• Dr. Monica Ngo

Get ready to lift!

Summer is finally here and this means spending more time outdoors, becoming physically active, getting ready for move-in day, or even catching up on daily chorus and activities around the house such as; gardening and cleaning. In such case, most often these activities require bending or lifting of some sort and this can sometimes lead to injuries; however, good news is most lifting injuries are PREVENTABLE! Read below to find out how you can protect your body and back from injuries.


Get Close to The Load

Stand with your feet shoulder width apart, head up, with the feet and body pointing in the same direction.


Knees Bent, Back Straight

Check the weight of what you're lifting. Use your arm and leg muscles to slowly lift the load.


Make Sure, You're in Sync

Keep the load close to your body.

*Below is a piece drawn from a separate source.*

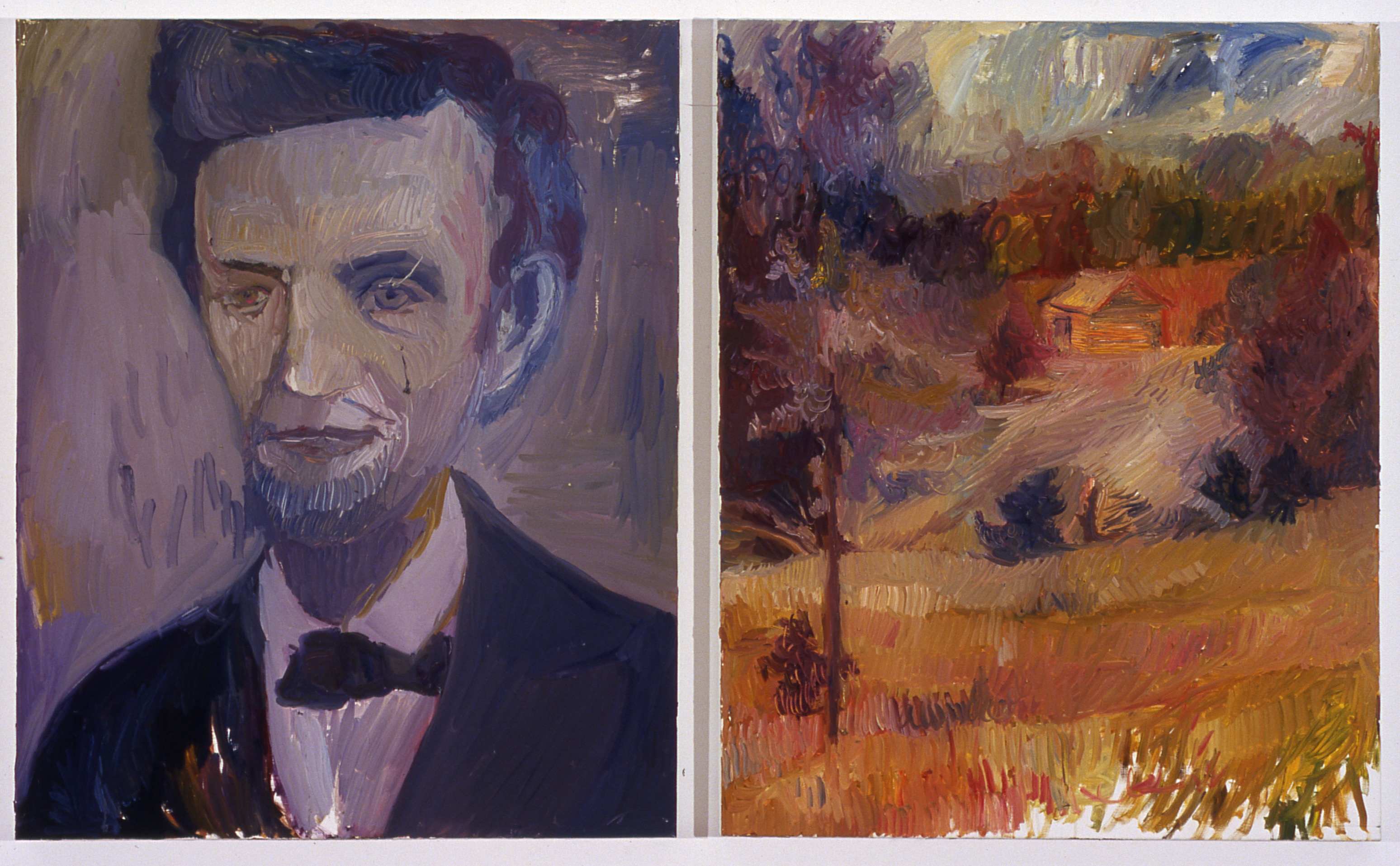 I painted this specifically for the Biennial, but also knowing it would—like a coming attraction for a movie—first appear at a NADA fair in Miami. I wanted it to be specifically at this fair, as being in Miami, Lincoln is a dynamic political image there that for me could be in part be an example of a "good Republican" who fought for the rights and agency of the American people, which in a time that race is still a factor, and the rights of LGBT people is in a current state of struggle, the vision of Lincoln seems more pertinent and dynamic than ever. More than merely Miami, however, I knew of and was creating my non-linear narrative installation "My American Dream" for the Whitney, and I absolutely wanted Lincoln to be included. I have rendered him several times before, in diptychs (with portraits with his cabin at his side-"Lincoln Remembers," from when W. Bush was first elected and I was missing my partner Andrew who was at our cabin in CA, a drawing diptych of Lincoln and Obama coming on stage for his inaugural address, and more). I have been thinking of Lincoln in the past few years and have been wanting to paint him again, collecting images and contemplating, and also waiting for the Spielberg movie-that serendipitously came out during this time-to subside so neither I or my viewer may be too influenced either by that wonderful interpretation by Spielberg and Daniel Day Lewis.

Pivot with your feet and AVOID twisting your body while carrying the load.



You're almost done!

Bend your knees and slowly lower the load to it's proper place. DO NOT lift heavy objects above your waist and AVOID heavy lifting following prolonged bending or kneeling.



and Remember


If the load is too heavy, don't forget to ask for help. Always remember the saying "Many hands make light work" and apply the following above principals. Also listen to your body, doing repetitive bending, hunching over and lifting will eventually cause your muscles and joints to ache, take a break and change your position often. Following these tips will help protect not only your back but also your body for years to come.